- Badge of Pakistan Army
- Active: 1987; 39 years ago
- Country: Pakistan
- Branch: Pakistan Army
- Type: Training formation
- Garrison/HQ: Rattu Cantt, Gilgit-Baltistan in Pakistan.
- Nickname: AHAS

= Army High Altitude School =

Pakistan Army training formation for mountain warfare

The Pakistan Army High Altitude School (reporting name: AHAS) is a military training school that provides special skills training to its soldiers in the mountain and cold-weather environment.

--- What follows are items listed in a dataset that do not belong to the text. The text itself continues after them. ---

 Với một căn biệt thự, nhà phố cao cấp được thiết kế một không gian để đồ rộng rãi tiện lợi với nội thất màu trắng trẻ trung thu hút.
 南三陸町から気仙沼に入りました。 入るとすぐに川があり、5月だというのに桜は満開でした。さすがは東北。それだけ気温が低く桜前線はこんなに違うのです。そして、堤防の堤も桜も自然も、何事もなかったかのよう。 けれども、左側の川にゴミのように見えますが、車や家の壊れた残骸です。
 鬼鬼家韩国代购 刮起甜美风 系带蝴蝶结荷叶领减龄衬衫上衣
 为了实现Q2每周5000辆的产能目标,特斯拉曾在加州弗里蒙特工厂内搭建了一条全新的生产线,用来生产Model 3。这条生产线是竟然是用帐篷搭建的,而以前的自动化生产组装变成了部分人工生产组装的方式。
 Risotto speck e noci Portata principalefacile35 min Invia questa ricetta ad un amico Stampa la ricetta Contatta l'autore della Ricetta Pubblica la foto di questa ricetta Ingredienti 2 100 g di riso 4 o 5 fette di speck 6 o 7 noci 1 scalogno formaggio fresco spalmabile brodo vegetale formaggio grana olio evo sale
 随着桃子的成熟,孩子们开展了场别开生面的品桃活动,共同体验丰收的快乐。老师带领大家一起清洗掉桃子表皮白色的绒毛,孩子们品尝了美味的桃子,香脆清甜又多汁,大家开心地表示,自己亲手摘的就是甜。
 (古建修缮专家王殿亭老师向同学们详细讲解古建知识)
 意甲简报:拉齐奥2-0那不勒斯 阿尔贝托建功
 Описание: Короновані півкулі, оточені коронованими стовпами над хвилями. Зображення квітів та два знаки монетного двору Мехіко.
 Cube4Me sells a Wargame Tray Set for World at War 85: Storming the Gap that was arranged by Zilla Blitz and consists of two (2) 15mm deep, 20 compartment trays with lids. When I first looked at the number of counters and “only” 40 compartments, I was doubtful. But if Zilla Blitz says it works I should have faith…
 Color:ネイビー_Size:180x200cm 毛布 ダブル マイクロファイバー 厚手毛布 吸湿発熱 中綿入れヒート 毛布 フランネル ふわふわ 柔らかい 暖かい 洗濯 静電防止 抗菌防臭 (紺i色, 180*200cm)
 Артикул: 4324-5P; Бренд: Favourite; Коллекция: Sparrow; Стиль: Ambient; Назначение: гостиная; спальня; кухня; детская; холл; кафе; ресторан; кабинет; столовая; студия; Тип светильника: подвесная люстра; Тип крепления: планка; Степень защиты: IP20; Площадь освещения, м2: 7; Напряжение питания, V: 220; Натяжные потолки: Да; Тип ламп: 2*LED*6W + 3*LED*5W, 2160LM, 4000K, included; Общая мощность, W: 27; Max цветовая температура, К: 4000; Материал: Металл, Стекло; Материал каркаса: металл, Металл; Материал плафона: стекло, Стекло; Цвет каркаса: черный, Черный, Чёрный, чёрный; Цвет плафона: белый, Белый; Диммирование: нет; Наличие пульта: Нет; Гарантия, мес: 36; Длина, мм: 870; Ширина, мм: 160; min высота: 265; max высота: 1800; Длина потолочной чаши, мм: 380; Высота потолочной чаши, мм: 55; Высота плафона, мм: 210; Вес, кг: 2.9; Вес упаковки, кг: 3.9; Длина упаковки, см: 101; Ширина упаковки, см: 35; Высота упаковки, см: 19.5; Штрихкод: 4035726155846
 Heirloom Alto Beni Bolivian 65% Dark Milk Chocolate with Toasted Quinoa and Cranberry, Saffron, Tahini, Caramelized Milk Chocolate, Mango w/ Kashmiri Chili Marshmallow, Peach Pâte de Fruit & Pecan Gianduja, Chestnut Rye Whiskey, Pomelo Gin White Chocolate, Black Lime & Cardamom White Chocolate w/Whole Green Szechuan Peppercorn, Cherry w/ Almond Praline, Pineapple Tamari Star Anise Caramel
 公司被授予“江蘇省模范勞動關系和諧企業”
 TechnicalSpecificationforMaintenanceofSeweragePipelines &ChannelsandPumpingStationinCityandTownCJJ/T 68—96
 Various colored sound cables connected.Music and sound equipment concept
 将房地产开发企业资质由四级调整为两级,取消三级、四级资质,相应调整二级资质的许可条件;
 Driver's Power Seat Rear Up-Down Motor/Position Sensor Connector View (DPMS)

It is located in Rattu Cantonment in Gilgit-Baltistan, Pakistan.

==Overview and training==

The Pakistan Army's Corps of Education organized the training formation to provide teaching and instructions on trekking, mountaineering, skiing, and survival techniques in 1987. Training is delivered in the form of lectures, demonstrations, practices and physical fitness and training. In order to ensure realistic training, different exercises are conducted form high altitude of 12000 to 16000 ft at the surface of most famous peaks— the Nanga Parbat and Rakaposhi mountain ranges.

Students are taught how to acclimatise, climb safely and move safely in the mountainous areas. The focus is on soldiers being able to carry out their daily tasks while surviving on barely sufficient oxygen.

Although, the school is managed and operated by the Pakistan Army's administration, the Navy SEALs groups from the Pakistan Navy, special forces personnel from the Pakistan Marines, and even the 5th Special Forces Group of the United States Army Special Forces and the Russian special operations forces have trained and earned their certification pins.

The AHAS school training faculty consist of only army officers, warrant officers, and enlisted personnel.

Additionally the school supports the training of civilian volunteer rescuers in disaster response.